▶ **EXERCISE DESCRIPTION**: The records that follow are to be transcribed in full, without their images.

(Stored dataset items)
####

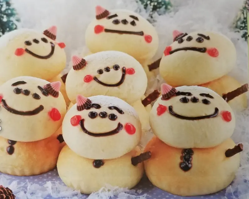 ▲雪人造型的「 ゆきんこ (雪子)」 內餡包有奶油,是冬季限定的麵包 ,¥260/個 。
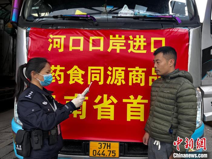这是药食同源商品首次经河口口岸入境,河口边检站执勤三队高度重视,主动靠前服务,开通“绿色”通道,为相关车辆、人员高效办理入境边防检查手续,助力该批商品顺利通关。
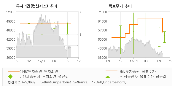 | 의견제시일자 | 증권사 | 투자의견 | 목표가 | | 20171030 | HMC투자증권 | 매수 | 55,000 | | 20171030 | NH투자증권 | 매수 | 51,000 | | 20171030 | KTB투자증권 | 매수 | 49,000 | | 20171030 | 유진투자증권 | 매수(유지) | 55,500 |
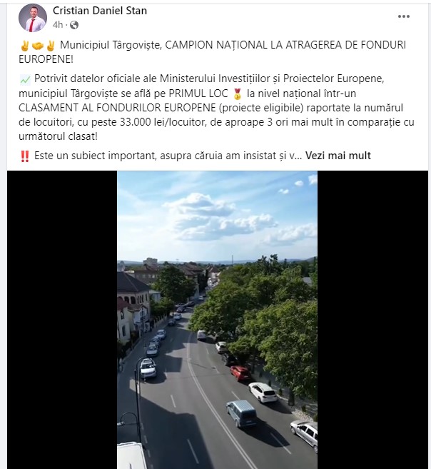 “Potrivit datelor oficiale ale Ministerului Investițiilor și Proiectelor Europene, municipiul Târgoviște se află pe PRIMUL LOC la nivel național într-un CLASAMENT AL FONDURILOR EUROPENE (proiecte eligibile) raportate la numărul de locuitori, cu peste 33.000 lei/locuitor, de aproape 3 ori mai mult în comparație cu următorul clasat!”
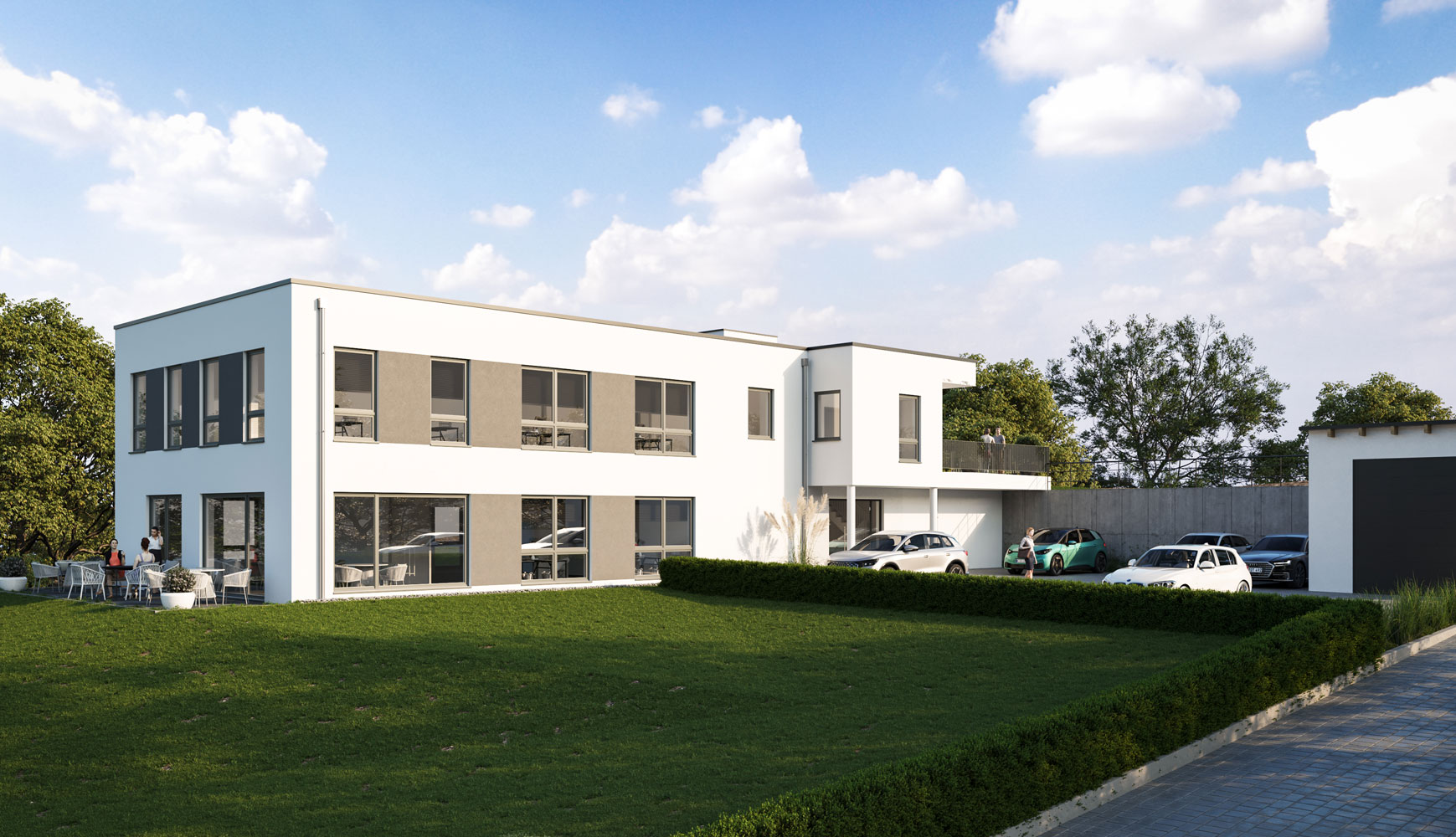 Schlüsselfertiger Neubau eines zweigeschossigen Bürogebäudes in Kaisersesch.
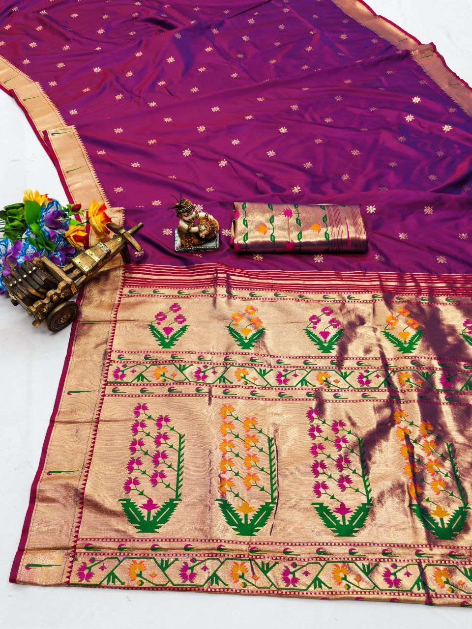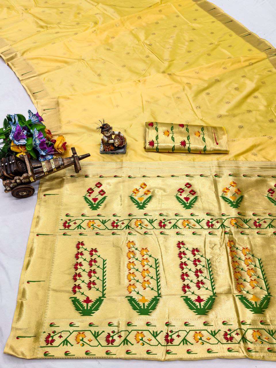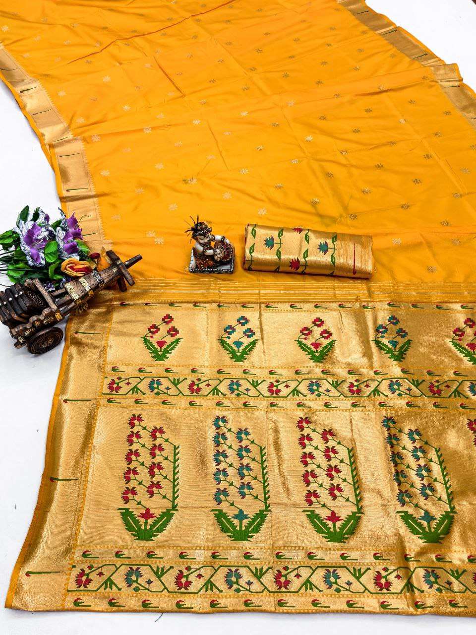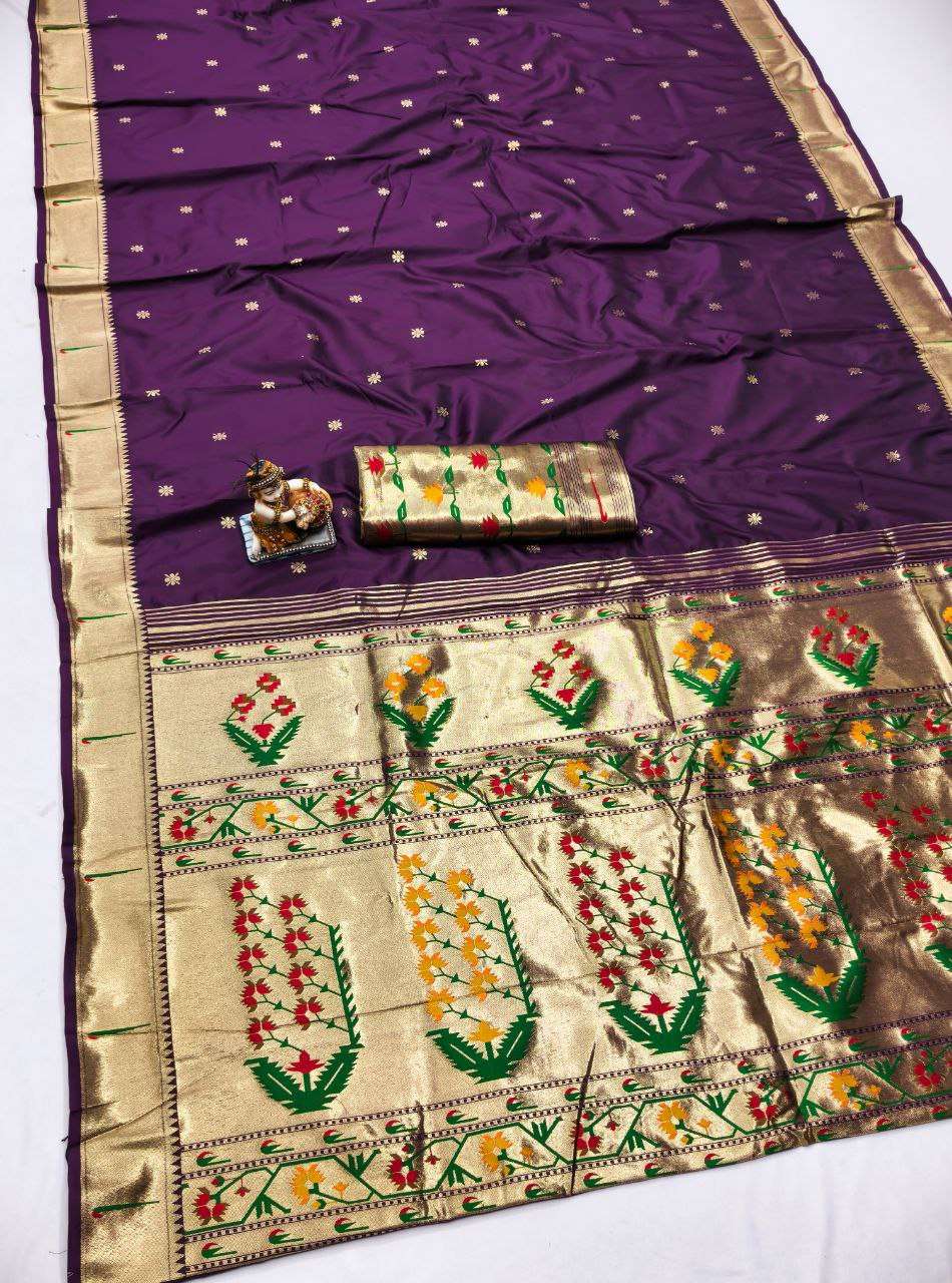 Title | RENUKA PAITHANI COLLECTION SILK SAREE WITH MUNIYA BORDER GOLD JARI BUTTI PALLU BUY ETHNIC |

####

▶ **RESPONSE TO THE TASK**:
 ▲雪人造型的「 ゆきんこ (雪子)」 內餡包有奶油,是冬季限定的麵包 ,¥260/個 。
这是药食同源商品首次经河口口岸入境,河口边检站执勤三队高度重视,主动靠前服务,开通“绿色”通道,为相关车辆、人员高效办理入境边防检查手续,助力该批商品顺利通关。
 | 의견제시일자 | 증권사 | 투자의견 | 목표가 | | 20171030 | HMC투자증권 | 매수 | 55,000 | | 20171030 | NH투자증권 | 매수 | 51,000 | | 20171030 | KTB투자증권 | 매수 | 49,000 | | 20171030 | 유진투자증권 | 매수(유지) | 55,500 |
 “Potrivit datelor oficiale ale Ministerului Investițiilor și Proiectelor Europene, municipiul Târgoviște se află pe PRIMUL LOC la nivel național într-un CLASAMENT AL FONDURILOR EUROPENE (proiecte eligibile) raportate la numărul de locuitori, cu peste 33.000 lei/locuitor, de aproape 3 ori mai mult în comparație cu următorul clasat!”
 Schlüsselfertiger Neubau eines zweigeschossigen Bürogebäudes in Kaisersesch.
 Title | RENUKA PAITHANI COLLECTION SILK SAREE WITH MUNIYA BORDER GOLD JARI BUTTI PALLU BUY ETHNIC |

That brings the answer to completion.